The sickly sweet scent of corpses saturated the air. Stomach acid roiled in my gut, and I spun the transport chair back toward the hovertube before my breakfast ended up on the floor. In the mirrored corridor walls, a glimpse of D’alton’s tear-streaked face filled my line of sight.

“I’m getting us out of here.” I hustled us away like we were trespassers caught robbing a grave, though we’d stolen nothing but the silence. “There’s gotta be supplies somewhere else.”

Safely locked inside the hovertube, D’alton shifted in his seat and ran his purple tongue over his sharp fangs. “Are there any Boola here?”

It wasn’t what I’d thought he’d ask. I remembered their sharp-toothed grins. Eighty Boola had occupied the research station, their laughter the loudest among the two-hundred and five staff. “Not anymore.”

He flinched. “Is there blood stored on-site?”

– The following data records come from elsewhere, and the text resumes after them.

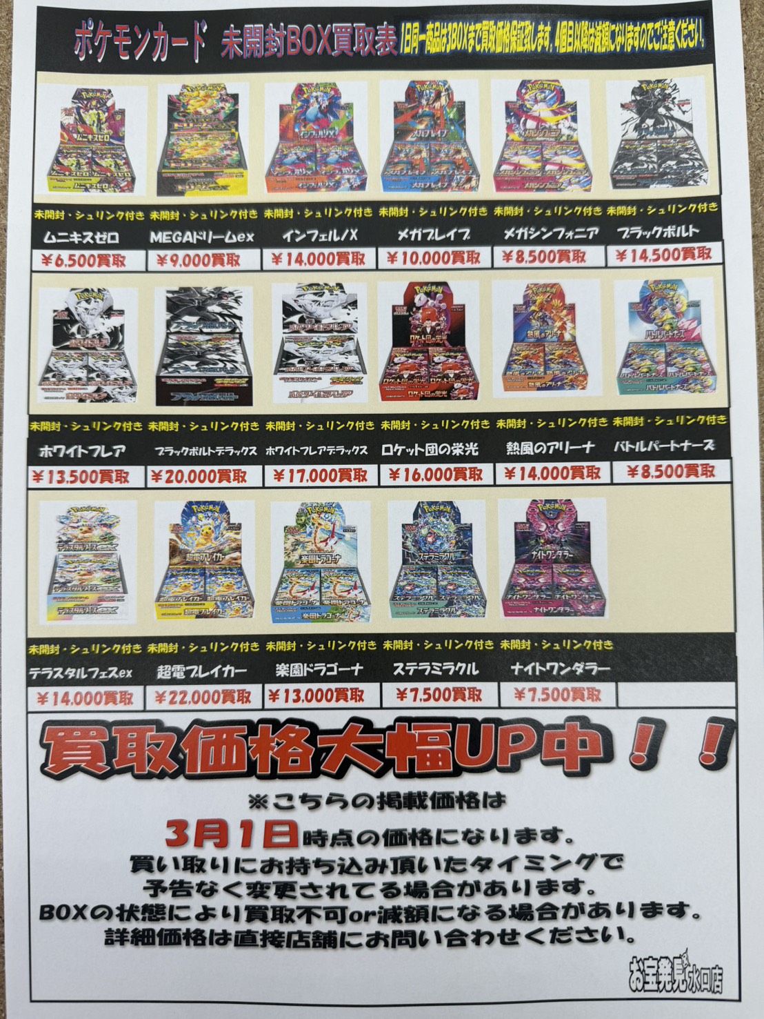 ポケモンカードカードBOX買取リスト更新しました! 買取商品 買取告知 2026年3月1日 数量限定で買取価格大幅UP中!! 個数が集まり次第掲載価格は終了します。 お早めにお持ち下さいませ! 当店査定基準に満たない商品は買取不可となります。 ※2026/3/1現在の価格となります。 在庫状況などによってお値段が変動いたします。予めご了承ください。 ************************ こちら↓もぜひチェックしてみてくださいね♪(*´▽`*) ・最新のイベント情報はこちら ・最新の買取情報はこちら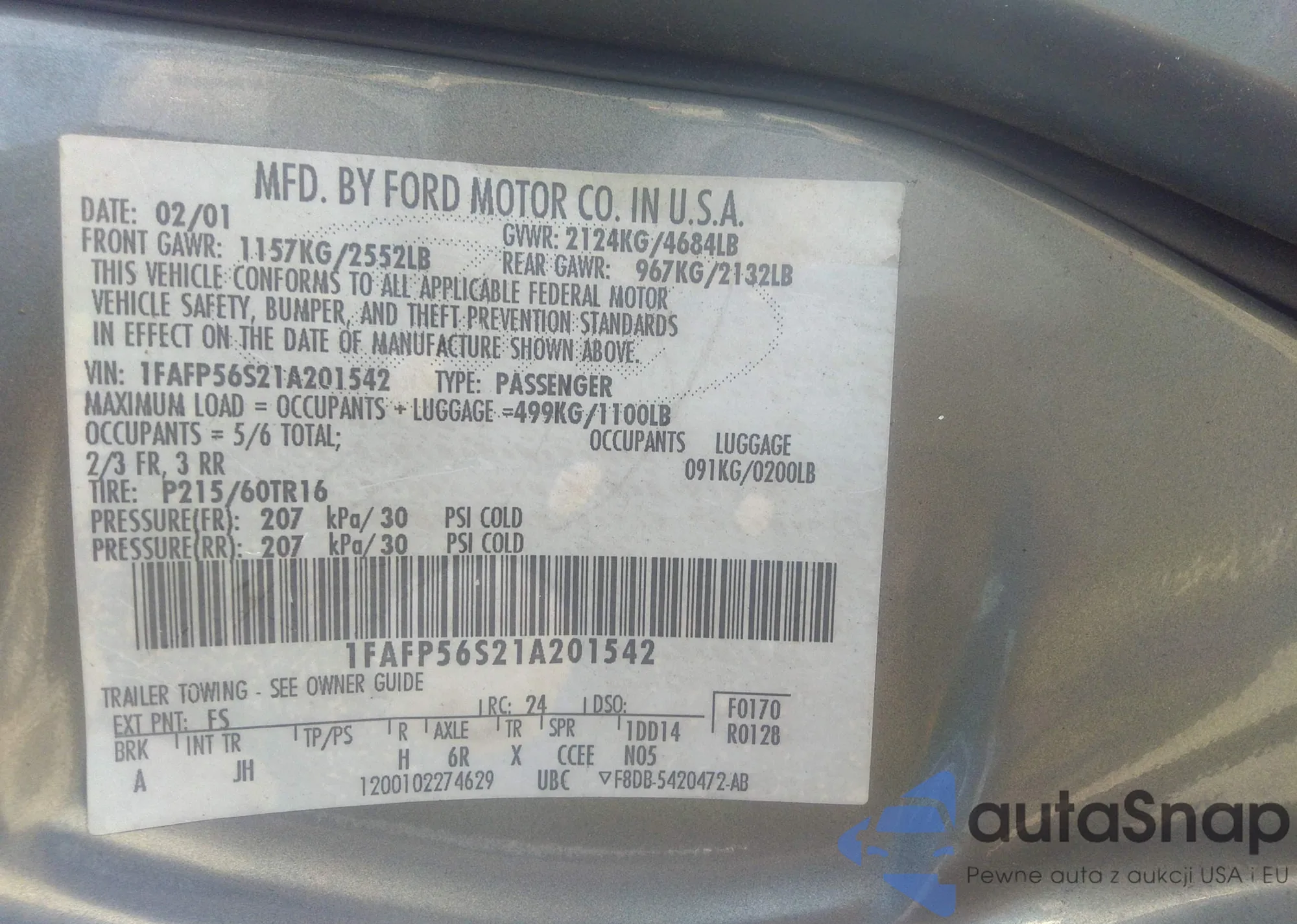 • VIN 1FAFP56S21A201542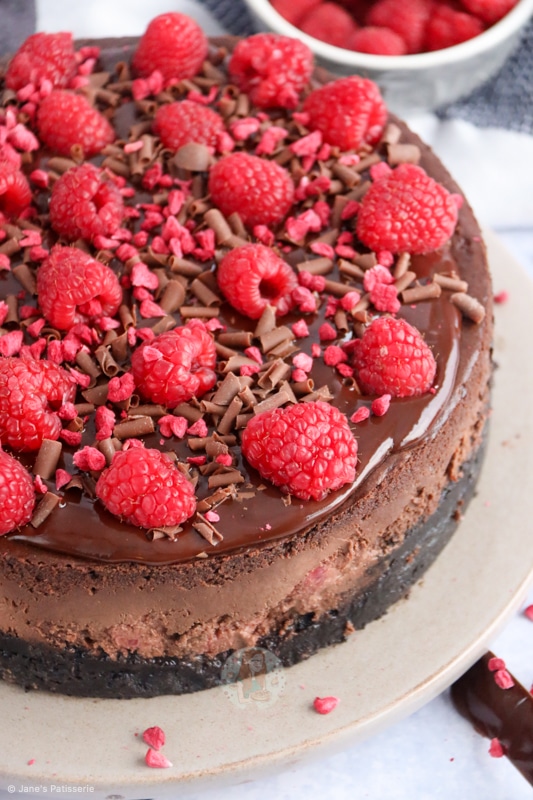 - Pour this on to the cheesecake and spread, and sprinkle on some chocolate curls, raspberries and freeze dried raspberries. Leave this to set for about an hour and then portion, and enjoy!

What an odd question. “Possibly in the med bay. But we’re not getting in there anytime soon.”

“Damn this hellfire mission.” D’alton dropped his face into his hands, only to snap it up once more, clutching his ribs with a long groan. “Don’t suppose there’s a doctor about to magically appear?”

I smiled at him, though his jet-black lips were pressed together in a grimace. “Not unless you can conjure one.”

“What about coms? I need to let my brother know I’m all right.”

I hated being the bearer of bad news. “The Fires That Cleanse melted the satellite.”

He slumped farther into his chair, and I followed the swell of his Adam’s apple as it bobbed up and down his long, smooth throat twice.

The hovertube came to a stop, and the doors to level thirty-one opened. “Home sweet home. Welcome to paradise.” My sarcasm was about as pleasing as the rank scent flooding my nose. It must have been ten times worse for him with his heightened Boola senses.

“Sola have mercy. What is that horrid odor?”

“That’s the aroma of life. Rotting plants.” I chuckled. The biodomes produced so much food that most of it ended up in an enormous compost pile. “Now let me see what I can do to get you fixed up.”